- _RECORDED INFORMATION_:
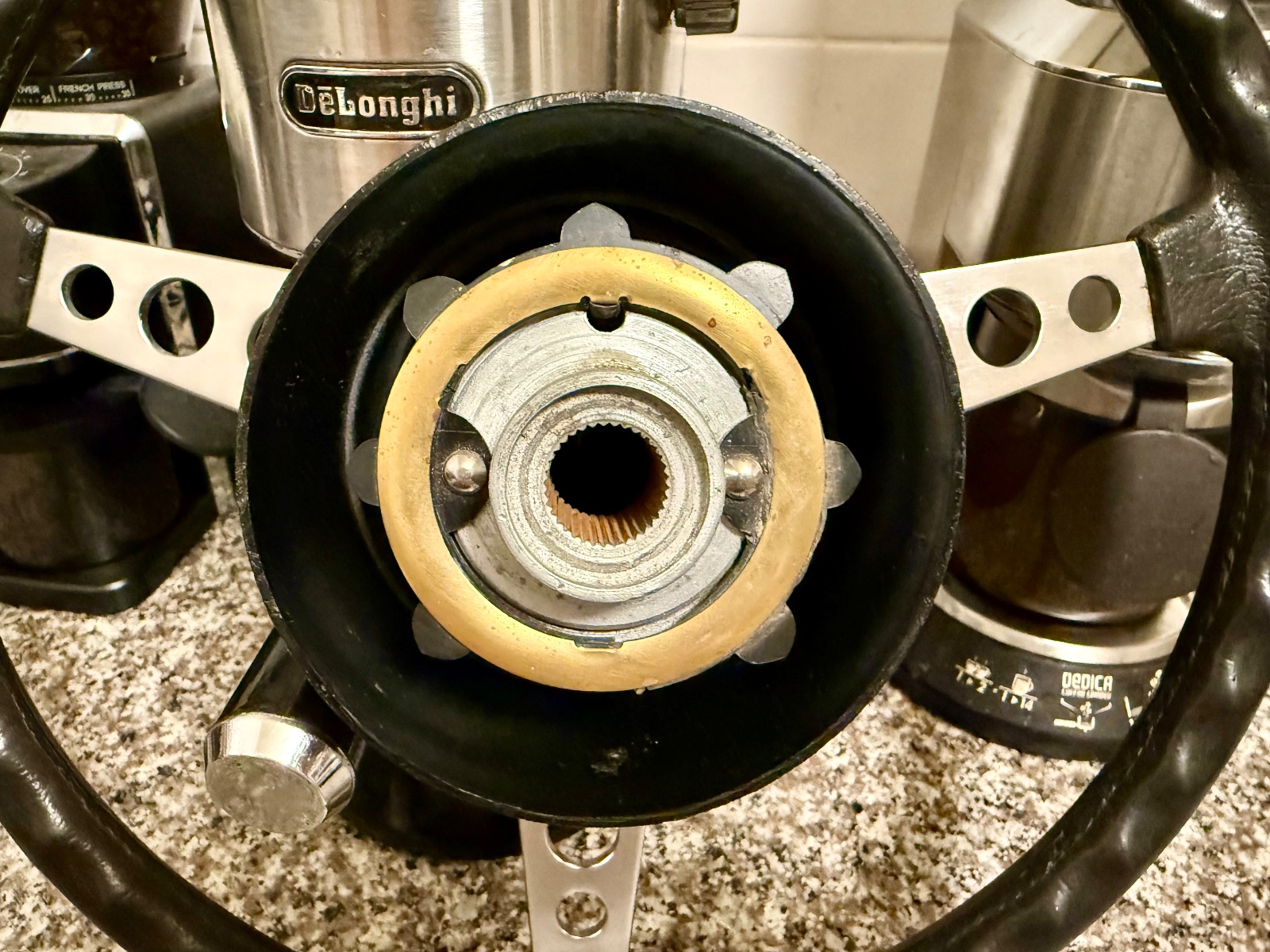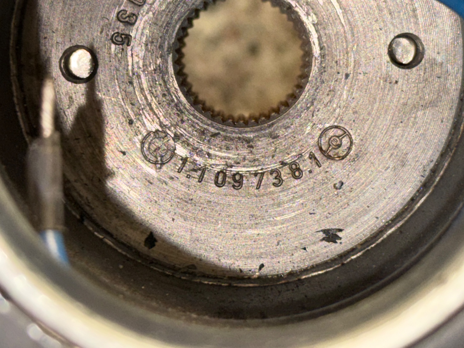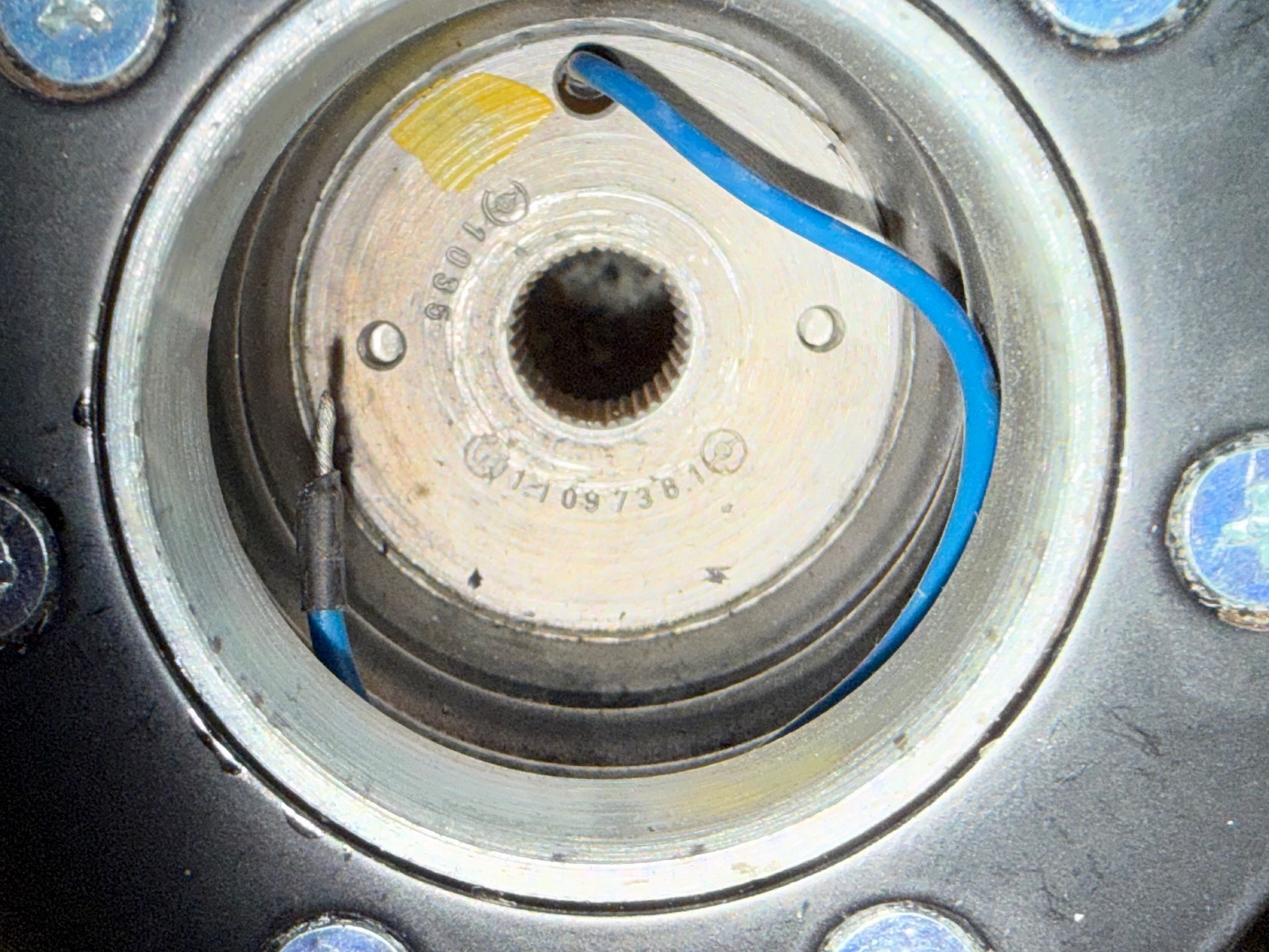 I disassembled all the individual hub parts for picture taking. During reassembly, one of the 8 ears of the horn contact ring snapped off (at bottom of ring). As stated, this is a new non-original contact ring that I presume was 3D printed, thus, the plastic is rather fragile and is not as robust as the original. The ears are just decorative elements and does not affect the functions of the horn contact ring.
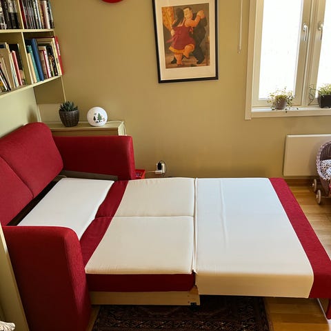 Overmadrass dobbel (ikke på bildet) kan følge med om ønskelig. God lagringsplass i sjeselong (bilde kun eksempel). Må hentes.
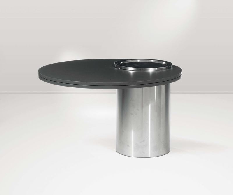 Raro tavolo Otto con base in acciaio spazzolato e piani in legno laccato.Prod. Tarzia, Italia, 1974cm 187x75
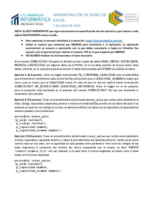 He publicado nuevos examenes de 3º Administración de Bases de Datos: Examen-PLSQL-y-Triggers-Julio-2023-2024.pdf

- _INSTRUCTIONS FOR THE TASK_: Write out the material above once more, exactly as it reads, with no pictures.

- _PROBLEM SOLUTION_:
 I disassembled all the individual hub parts for picture taking. During reassembly, one of the 8 ears of the horn contact ring snapped off (at bottom of ring). As stated, this is a new non-original contact ring that I presume was 3D printed, thus, the plastic is rather fragile and is not as robust as the original. The ears are just decorative elements and does not affect the functions of the horn contact ring.
 Overmadrass dobbel (ikke på bildet) kan følge med om ønskelig. God lagringsplass i sjeselong (bilde kun eksempel). Må hentes.
 Raro tavolo Otto con base in acciaio spazzolato e piani in legno laccato.Prod. Tarzia, Italia, 1974cm 187x75
 He publicado nuevos examenes de 3º Administración de Bases de Datos: Examen-PLSQL-y-Triggers-Julio-2023-2024.pdf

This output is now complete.